All these novelties instead of the ash-blue opal that Balducci had seen there other times: a stone with two faces, recto and verso, and also very good-looking, he explained to Ingravallo, but ... A sublunar stone, an elegiac stone, with soft, suffused milkiness as in a Nordic sky
(nuits de Saint Petersbourg)
or perhaps of silica paste, set and frozen slowly in the cold light, in the twilight dawn of the 60th parallel. On one side was carved the monogram R.V., Rutilio Valdarena: the other side was smooth. The name of the grandfather, the archetype of all the Valdarenas: who, as a kid, had been blond: a reddish blond, they used to say. When the grandfather died, the chain (with the fob) had gone to Uncle Peppe, on whose waistcoat of black velvet with yellow dots it had hung for a few months, on Sundays and Holy Days of Obligation. Her grandfather had meant it to go to Liliana, of course: to little Liliana: from her Grandad Rutilio: who, however, had temporarily left it to Uncle Peppe, in a kind of equitable trusteeship. And, when it came to Uncle Peppe the opal fob with the benign and beneficent warmth of all fobs and charms and coral horns, but with the sinister cancer-promoting aptitudes which
ab aeterno
had dwelt in the noble and melancholy frigidity of that gem.

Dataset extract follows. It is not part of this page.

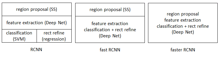 RCNN 的分类和回归,用 SVM 和回归算法,Fast R-CNN 则都是用神经网络处理
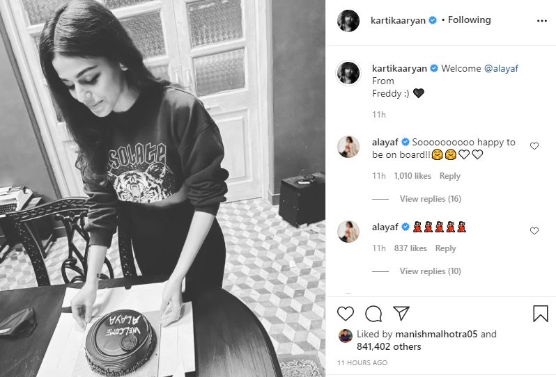 "Welcome @alayaf From Freddy :)," Kartik wrote in the caption with a monochrome picture featuring Alaya cutting a cake on the film sets.

Seven and a half months after the grandfather's death, the uncle had not been able to evade his obligation, so nicely opaline, to transfer to Liliana the ownership of the gold chain, in accordance with the paternal will: with that toy attached to it. Because it was then, Balducci declared grimly, that the uncle had become unforgettable.
"Poor, dear Uncle Peppe!" the survivors wept. Balducci could see his features again in the remembering mirror of his heart, as husband of the niece. Allocated there, in his big chair, amid a souffle of cushions, surrounded by his relations who hung from his lips; two fine, gray walrus-mustachios, and two large, yellow horse-teeth orchestrated his sad smile, the good yellowing smile of the "gentleman of the old school," former, distinguished client of the Baths of Chianciano. While in that posture so abandoned to the opinions of Doctor Beccari, and with that slightly Mongoloid tinge in his mustache and his cheeks, he celebrated within his immediate family the great virtues of the same and all the Valdarena clan in general, the bluish fob of the Lord's day used to rest on his black waistcoat on an axis with his liver and duodenum. Titillated by the thin, waxy fingers of the trustee, the gem covered both organs, duodenum as well as liver: alternating from one to the other a bit, perhaps: like a girl who is keeping at bay two swains at the same time. It was, to be precise, of cancer of the liver, supplemented by a similar affliction of the duodenum, that the bearer of the opal found himself forced to succumb.
O powerful emanation of the doubly ill-starred bioxide! to the damnation of the abdominal tract, by God! and half the tripes of Peppe! Witness-bearing presence of an invisible light, it was the son, that reverse talisman, of the un-imitated elegy; a standard-bearer of the distant September dawn, page to the milky-blue reticence of the Polar semester. Worthy, in its nobility, to have bejeweled the finger of a count of the palace, who had fallen asleep at Roncesvalles, with seven windows in his heart: or of a viscount, suddenly gone pale in the September prisons. Bearer of a double curse, Ingravallo conjectured, given its double face. The double evil eye must come from the bioxide. The combined duodenum-liver cancer is one of those double numbers that the cancer lottery rarely comes out with, from the modern cancerological cabala: whether in Europe or abroad.